*To do*: In the records below, find the line containing "此次活动邀请了安徽两淮律师事", then print it and every following line exactly, through the last, without pictures.
[Opening Records shown section]
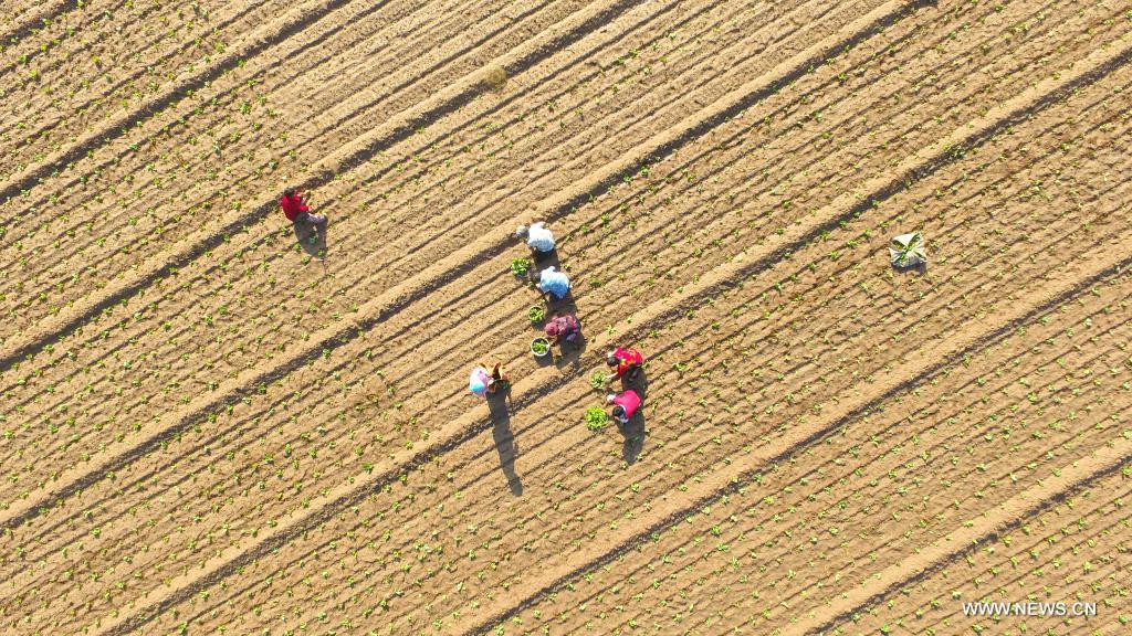 لياوتشنغ (شاندونغ) 8 سبتمبر 2021 (شينخوا) في الصورة الملتقطة يوم 7 سبتمبر 2021، فلاحون يقومون بزراعة الكرنب في قرية بمدينة لياوتشنغ في مقاطعة شاندونغ بشرقي الصين. وصادف اليوم ذاته يوم الندى الأبيض، وهو أحد الأيام الشمسية الاربعة والعشرون، وفقا لتقويم يوضح أعمال الزراعة.
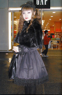 Mas nao só de preto vive gothic, mas todas as outras cores eram usadas com o preto: bordo com preto, preto e branco, etc. Ai, entram as combinaçoes. Gothic NUNCA na vida foi coordenado perfeitinho. Nao to dizendo que nao da pra fazer, mas as "trends" dentro do gothic nao envolvem a coordenaçao perfeitinha que encontramos frequentemente em sweet. Aqui, isso nao muda. Mas, a coordenaçao mais legal que eu vejo no gothic é com preto e branco. Eles espalham muito bem o branco por todo o coord, mas nenhuma peça é totalmente branca. Ou seja, sapatos pretos, mas a meia tem detalhes brancos o suficiente pra nao ficar destonado com o resto. Isso, combinado com a saia mais curta, o cabelo trabalhado nas pira (isso mais em revistas, pra sair na rua era mais cabelo lisao mesmo), as mangas sino e as fuckin awesome plataformas formavam gothics lindos.
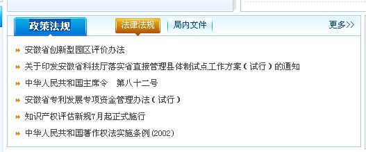 “政策法规” 是模块栏标题。后面两个“法律法规”和“局内文件”是两个选项卡栏标题。
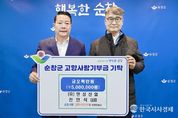 한국시사경제 전북취재본부 | 순창군은 13일 (유)만성산업 전인석 대표가 고향사랑기부금 500만원을 기탁했다고 밝혔다. 모래, 자갈, 산림 골재 채취 및 혼합골재 생산을 전문으로 하는 (유)만성산업을 운영 중인 전인석 대표는 평소 지역사회와의 상생을 기업의 핵심 가치로 삼아 이번 기부뿐만 아니라 장학금 기탁 등 다양한 사회공헌 활동을 통해 지역 사랑을 실천하고 있다. 전인석 대표는 “순창군에서 사업을 영위하고 있는 기업인의 한 사람으로서 군 발전에 조금이나마 기여할 수 있게 되어 매우 기쁘게 생각한다”며, “앞으로도 지속적인 나눔과 사회공헌 활동을 통해 지역과 상생을 이어가겠다”고 말했다. 군 관계자는 “순창에 대한 깊은 애정으로 소중한 기부금을 보내주신 전인석 대표께 깊이 감사드린다”며, “보내주신 기부금은 군민의 복리증진과 관련된 사업에 소중히 사용하겠다”고 화답했다.
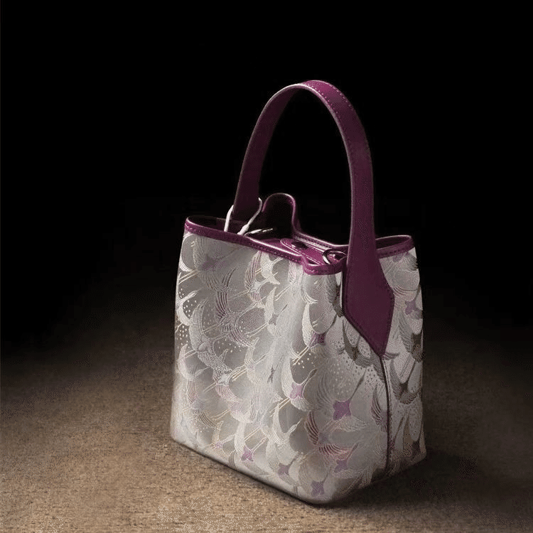 1分鐘前新中式宋錦二層牛皮雙帶手提水桶包 紫色(尺寸:長17cm*寬11cm*高17cm)
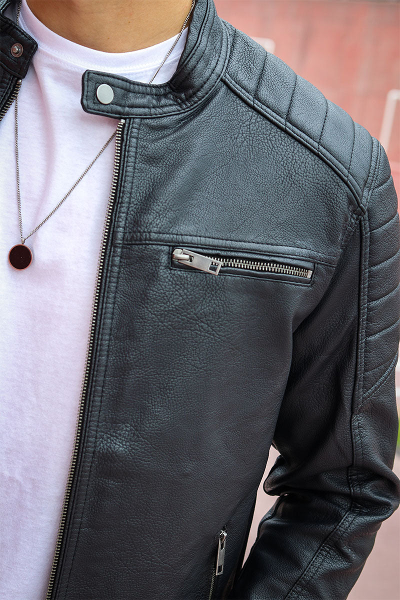 This jacket offers a sleek and casual style perfect for everyday wear. It features long sleeves and a biker collar, complemented by a zip fastening for easy use. The quilted detail adds subtle texture, while the black color with a polyurethane coating gives it a smooth finish that stands out in the autumn season.
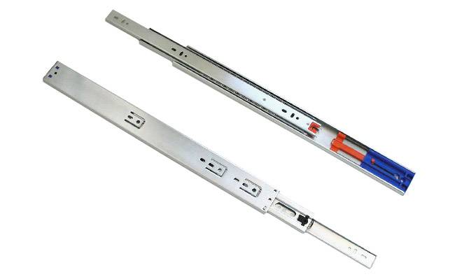Зручний виріб, який дозволяє фіксувати положення ящика середньої тяжкості. Мова йде про напрямну, яка розрахована на середню вагу – 20 кілограмів на пару. Надійність моделі пояснюється тим, що вона належить до типу повного висунення. Завдяки парі таких напрямних двері закриваються плавно, що позитивно впливає як на термін експлуатації ящика, так і на можливий час використання напрямних. Зверху дана модель покрита достатнім шаром цинку, що захищає її від різних хімічних пошкоджень, викликаних попаданням абразивних мийних речовин.
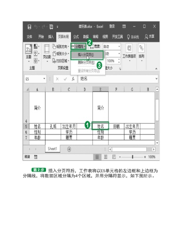 插入分页符后,工作表将以E5单元格的左边框和上边框为 分隔线,将数据区域分隔为4个区域,并用分隔符显示,如下图所示。
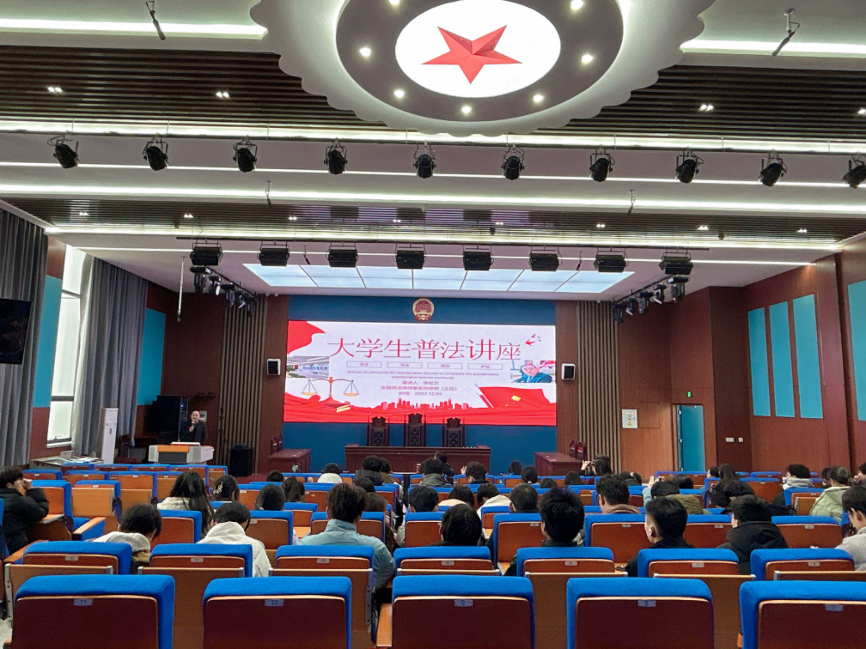 此次活动邀请了安徽两淮律师事务所主任李世文律师进行现场授课,马克思主义学院党支部书记王文飞、院长靳玉琼来到活动现场,全程参与了此次活动。活动由天平法学社指导老师丁丹丹主持,现场约110余人聆听了讲座。
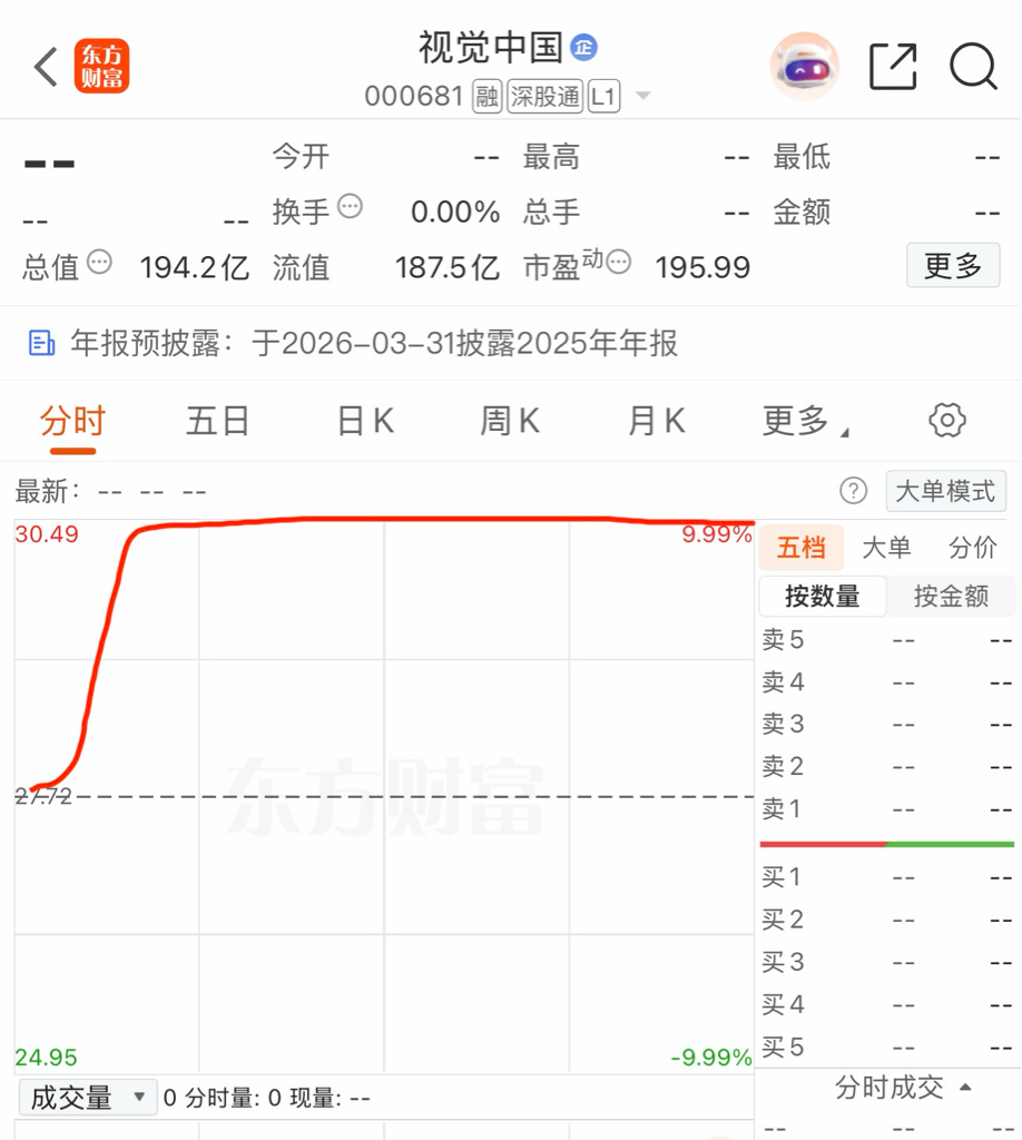 $视觉中国(SZ000681)$ 马前炮预测,今日必涨停
[Closing Records shown section]
*Output for this exercise*:
 此次活动邀请了安徽两淮律师事务所主任李世文律师进行现场授课,马克思主义学院党支部书记王文飞、院长靳玉琼来到活动现场,全程参与了此次活动。活动由天平法学社指导老师丁丹丹主持,现场约110余人聆听了讲座。
 $视觉中国(SZ000681)$ 马前炮预测,今日必涨停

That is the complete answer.